> _SOURCE DATA_
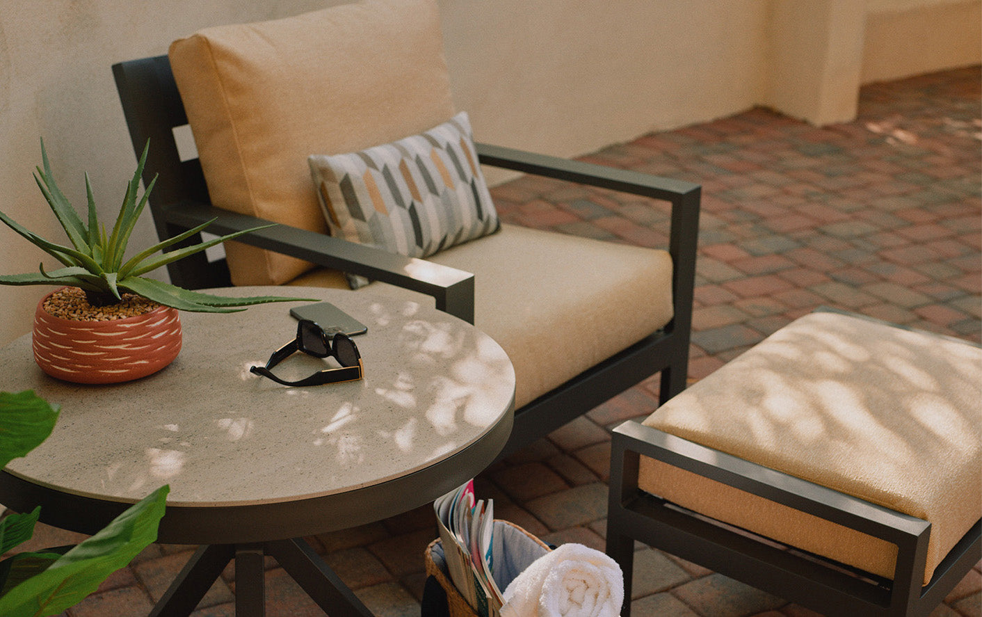 Featuring our most innovative materials for patio furniture cushions, tables, and frames.
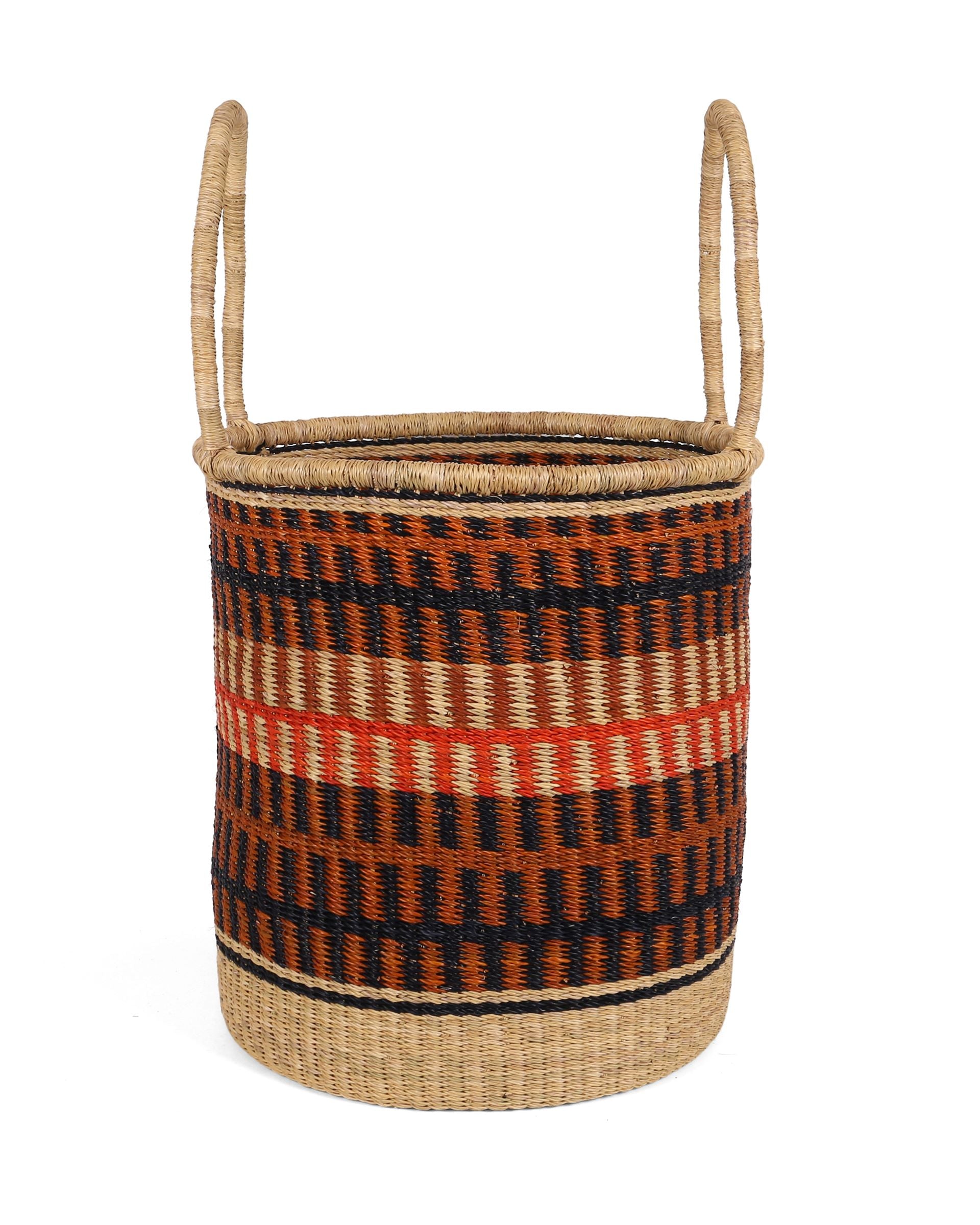 Makeover your fireplace and bring a splash of Ghanaian colour and texture to the home with the KODZO log basket, in sizes small, medium or large. With tribal patterns in brown, black and orange, these tall baskets are ideal for keeping logs in but work equally well as a laundry basket or general home storage. Every handwoven log basket in this collection is designed by the weaver and each one is different.
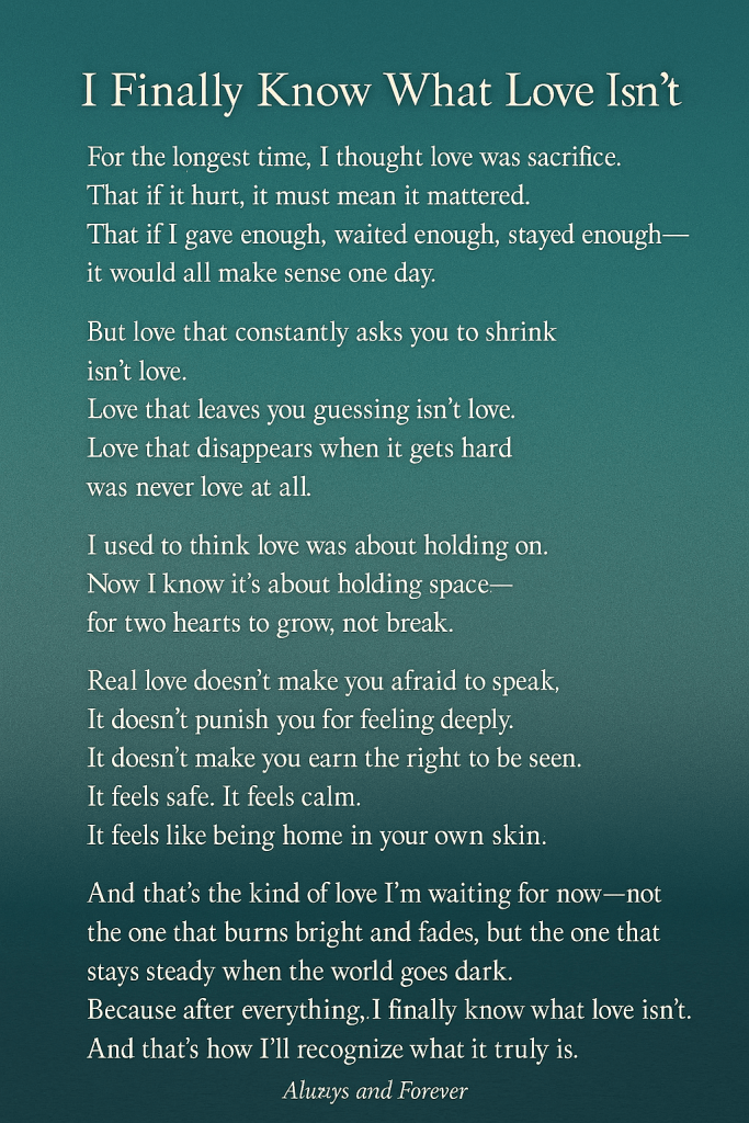 💬 What have you learned love isn’t? Your story might remind someone they deserve something gentler too.

> _EXERCISE DETAILS_
Copy out the whole listing exactly, and don't carry over any pictures.

> _REPLY TO THE TASK_
 Featuring our most innovative materials for patio furniture cushions, tables, and frames.
 Makeover your fireplace and bring a splash of Ghanaian colour and texture to the home with the KODZO log basket, in sizes small, medium or large. With tribal patterns in brown, black and orange, these tall baskets are ideal for keeping logs in but work equally well as a laundry basket or general home storage. Every handwoven log basket in this collection is designed by the weaver and each one is different.
 💬 What have you learned love isn’t? Your story might remind someone they deserve something gentler too.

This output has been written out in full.